§ **What the task requires**
Print out each record, keeping it identical to the original.

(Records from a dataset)
• • • •

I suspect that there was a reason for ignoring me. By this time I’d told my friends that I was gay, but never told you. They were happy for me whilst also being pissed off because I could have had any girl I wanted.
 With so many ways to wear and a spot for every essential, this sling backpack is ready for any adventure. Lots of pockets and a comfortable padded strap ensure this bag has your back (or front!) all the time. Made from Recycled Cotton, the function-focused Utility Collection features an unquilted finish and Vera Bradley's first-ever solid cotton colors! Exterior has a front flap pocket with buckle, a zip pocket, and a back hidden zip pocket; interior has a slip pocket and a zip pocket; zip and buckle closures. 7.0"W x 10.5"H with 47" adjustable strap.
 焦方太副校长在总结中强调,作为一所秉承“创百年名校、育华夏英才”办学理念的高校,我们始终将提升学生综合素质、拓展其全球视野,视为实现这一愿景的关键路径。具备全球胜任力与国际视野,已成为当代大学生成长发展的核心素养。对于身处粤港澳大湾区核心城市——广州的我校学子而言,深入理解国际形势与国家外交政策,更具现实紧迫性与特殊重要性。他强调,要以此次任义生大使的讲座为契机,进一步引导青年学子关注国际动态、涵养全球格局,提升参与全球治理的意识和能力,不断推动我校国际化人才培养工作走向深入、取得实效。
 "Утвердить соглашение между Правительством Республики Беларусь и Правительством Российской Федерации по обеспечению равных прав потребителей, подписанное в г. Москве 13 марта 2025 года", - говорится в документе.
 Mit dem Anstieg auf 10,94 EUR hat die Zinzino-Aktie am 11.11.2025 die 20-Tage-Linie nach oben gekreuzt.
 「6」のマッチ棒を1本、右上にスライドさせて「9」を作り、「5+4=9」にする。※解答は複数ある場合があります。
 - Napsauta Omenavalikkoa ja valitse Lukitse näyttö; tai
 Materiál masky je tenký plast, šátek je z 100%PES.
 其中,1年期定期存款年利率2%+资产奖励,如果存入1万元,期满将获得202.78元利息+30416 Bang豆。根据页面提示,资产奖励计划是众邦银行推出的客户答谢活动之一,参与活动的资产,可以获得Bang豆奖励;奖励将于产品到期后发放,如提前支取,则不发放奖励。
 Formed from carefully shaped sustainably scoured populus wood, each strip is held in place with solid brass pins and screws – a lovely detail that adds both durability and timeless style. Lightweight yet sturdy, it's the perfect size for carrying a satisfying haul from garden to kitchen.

• • • •

§ **Exercise answer**
I suspect that there was a reason for ignoring me. By this time I’d told my friends that I was gay, but never told you. They were happy for me whilst also being pissed off because I could have had any girl I wanted.
 With so many ways to wear and a spot for every essential, this sling backpack is ready for any adventure. Lots of pockets and a comfortable padded strap ensure this bag has your back (or front!) all the time. Made from Recycled Cotton, the function-focused Utility Collection features an unquilted finish and Vera Bradley's first-ever solid cotton colors! Exterior has a front flap pocket with buckle, a zip pocket, and a back hidden zip pocket; interior has a slip pocket and a zip pocket; zip and buckle closures. 7.0"W x 10.5"H with 47" adjustable strap.
 焦方太副校长在总结中强调,作为一所秉承“创百年名校、育华夏英才”办学理念的高校,我们始终将提升学生综合素质、拓展其全球视野,视为实现这一愿景的关键路径。具备全球胜任力与国际视野,已成为当代大学生成长发展的核心素养。对于身处粤港澳大湾区核心城市——广州的我校学子而言,深入理解国际形势与国家外交政策,更具现实紧迫性与特殊重要性。他强调,要以此次任义生大使的讲座为契机,进一步引导青年学子关注国际动态、涵养全球格局,提升参与全球治理的意识和能力,不断推动我校国际化人才培养工作走向深入、取得实效。
 "Утвердить соглашение между Правительством Республики Беларусь и Правительством Российской Федерации по обеспечению равных прав потребителей, подписанное в г. Москве 13 марта 2025 года", - говорится в документе.
 Mit dem Anstieg auf 10,94 EUR hat die Zinzino-Aktie am 11.11.2025 die 20-Tage-Linie nach oben gekreuzt.
 「6」のマッチ棒を1本、右上にスライドさせて「9」を作り、「5+4=9」にする。※解答は複数ある場合があります。
 - Napsauta Omenavalikkoa ja valitse Lukitse näyttö; tai
 Materiál masky je tenký plast, šátek je z 100%PES.
 其中,1年期定期存款年利率2%+资产奖励,如果存入1万元,期满将获得202.78元利息+30416 Bang豆。根据页面提示,资产奖励计划是众邦银行推出的客户答谢活动之一,参与活动的资产,可以获得Bang豆奖励;奖励将于产品到期后发放,如提前支取,则不发放奖励。
 Formed from carefully shaped sustainably scoured populus wood, each strip is held in place with solid brass pins and screws – a lovely detail that adds both durability and timeless style. Lightweight yet sturdy, it's the perfect size for carrying a satisfying haul from garden to kitchen.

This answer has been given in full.